Revati Upadhya said...

aj: lobster theory never goes out of fashion. you dont know anything. and you continue to ignore.

biriya: yeah da. the drunkestestestEST iv EVER been was around you!

Arjun Kartha said...

My dear girl! I vividly remember what the 'contract' is :)

Maybe I'll tell you about it someday. Haha, the day we're getting drunk at each other's wedding sounds like a good bet!

Vivek Chugh said...

Why am I 4th on the list? Don you guys wonder how those numbers got allotted? How do u spell alloted by the way? I mean im not saying that I should be 3rd or anything but why not 5th or 6th or anything? Why only 4th? I like Seven and one.

utts said...

It's when things like this are said, that you really what your friends mean to you and what you mean to them=)
I lowe you ma,manys and muches.

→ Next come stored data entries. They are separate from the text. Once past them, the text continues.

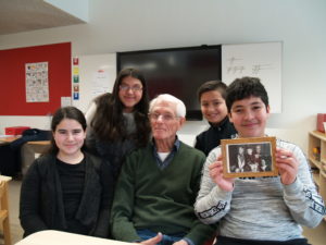 Fred Dubiez was pas drie jaar toen de oorlog begon, maar kan Tom, Oskar, Floris en Rens van de Dongeschool nog veel vertellen. Dat doet hij in het huis waar hij tijdens de oorlog ook al woonde. Indrukwekkend is de lijst met namen, geboorteplaatsen en plaats van overlijden van veel van zijn familie van moeders kant die hij hun toont.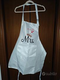 Il grembiule lui é nero con la scritta "Mr." e cuori rossi mentre quello per lei é bianco con la scritta "Mrs." e cuori rossi.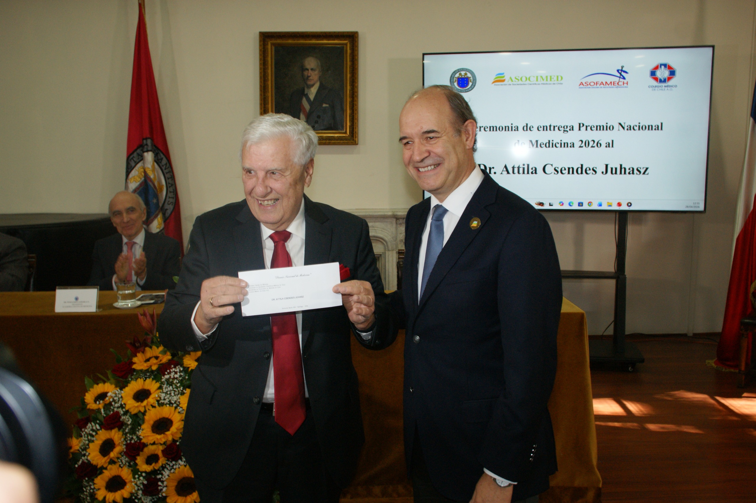 Se llevó a cabo la ceremonia de entrega del Premio Nacional de Medicina 2026, este martes 28 de abril, instancia organizada por la Academia Chilena de Medicina en conjunto con la Asociación de Sociedades Científicas Médicas de Chile (ASOCIMED), la Asociación de Facultades de Medicina de Chile (ASOFAMECH) y el Colegio Médico de Chile.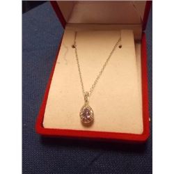 NECKLACE - PEAR FACETTED AMETHYST & DIAMOND IN STERLING SILVER SETTING - 2 VS CLARITY DIAMONDS - SUGGESTED RETAIL $400

I'm glad we did the full circle=)
sniff sniff(happy tears ok!)

akshay said...

if i ignored my comment wouldn't be the first. there wouldn't be a comment. lobsters come and go, it's evident now.

Revati Upadhya said...

akshay: shut up and call me when you feel like it

akshay said...

as much as you like to see me.

:p

Anonymous said...

hahahah.. :) :)

Ambika said...

cool list!
:D

Vivek Chugh said...

I'm still waiting for you to reply...why 4th?

Revati Upadhya said...

because youre 4th important. dummass.

utts said...

Was just reading thru this, 2 points to be made.

1. You DID keep VC for life !

2. Did Kartha get drunj at your wedding?

3. I want hot vada from Adigas.

Revati Upadhya said...

HAHAHA yeah.. i didnt think of it that way!

vc is in life for good now..whether he likes it or no.. i believe ak did get drunk at my shaadi.. and just you kame-oon for bangalore trip i say!